Exercise aim:
From the entries below, return only the lines starting at the one that contains "立面将折纸概念赋予GRC材料" and ending at the one that contains "Pirates of the", exactly as they stand.

Data shown:
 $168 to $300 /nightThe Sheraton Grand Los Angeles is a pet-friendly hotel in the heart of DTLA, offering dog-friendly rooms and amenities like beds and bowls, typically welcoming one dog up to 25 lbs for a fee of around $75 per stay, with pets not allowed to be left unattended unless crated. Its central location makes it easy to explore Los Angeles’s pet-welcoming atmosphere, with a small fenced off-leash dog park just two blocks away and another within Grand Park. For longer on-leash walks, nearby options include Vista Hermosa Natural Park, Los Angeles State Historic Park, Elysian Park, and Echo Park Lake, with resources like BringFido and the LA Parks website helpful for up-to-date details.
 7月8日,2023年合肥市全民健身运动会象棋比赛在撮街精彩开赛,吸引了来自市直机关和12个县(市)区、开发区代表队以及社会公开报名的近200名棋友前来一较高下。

--

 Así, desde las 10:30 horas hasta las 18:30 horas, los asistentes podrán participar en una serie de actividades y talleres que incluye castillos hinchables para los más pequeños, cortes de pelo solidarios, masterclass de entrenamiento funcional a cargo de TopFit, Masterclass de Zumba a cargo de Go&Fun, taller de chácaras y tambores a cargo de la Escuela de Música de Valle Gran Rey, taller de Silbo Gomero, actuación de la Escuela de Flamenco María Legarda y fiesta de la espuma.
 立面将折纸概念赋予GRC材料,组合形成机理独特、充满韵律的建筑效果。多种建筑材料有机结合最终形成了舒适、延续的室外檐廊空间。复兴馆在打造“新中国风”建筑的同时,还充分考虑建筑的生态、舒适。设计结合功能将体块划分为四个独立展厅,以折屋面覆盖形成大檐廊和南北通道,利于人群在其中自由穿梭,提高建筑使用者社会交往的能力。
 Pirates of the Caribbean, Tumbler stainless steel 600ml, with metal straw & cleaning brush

Output for this exercise:
 立面将折纸概念赋予GRC材料,组合形成机理独特、充满韵律的建筑效果。多种建筑材料有机结合最终形成了舒适、延续的室外檐廊空间。复兴馆在打造“新中国风”建筑的同时,还充分考虑建筑的生态、舒适。设计结合功能将体块划分为四个独立展厅,以折屋面覆盖形成大檐廊和南北通道,利于人群在其中自由穿梭,提高建筑使用者社会交往的能力。
 Pirates of the Caribbean, Tumbler stainless steel 600ml, with metal straw & cleaning brush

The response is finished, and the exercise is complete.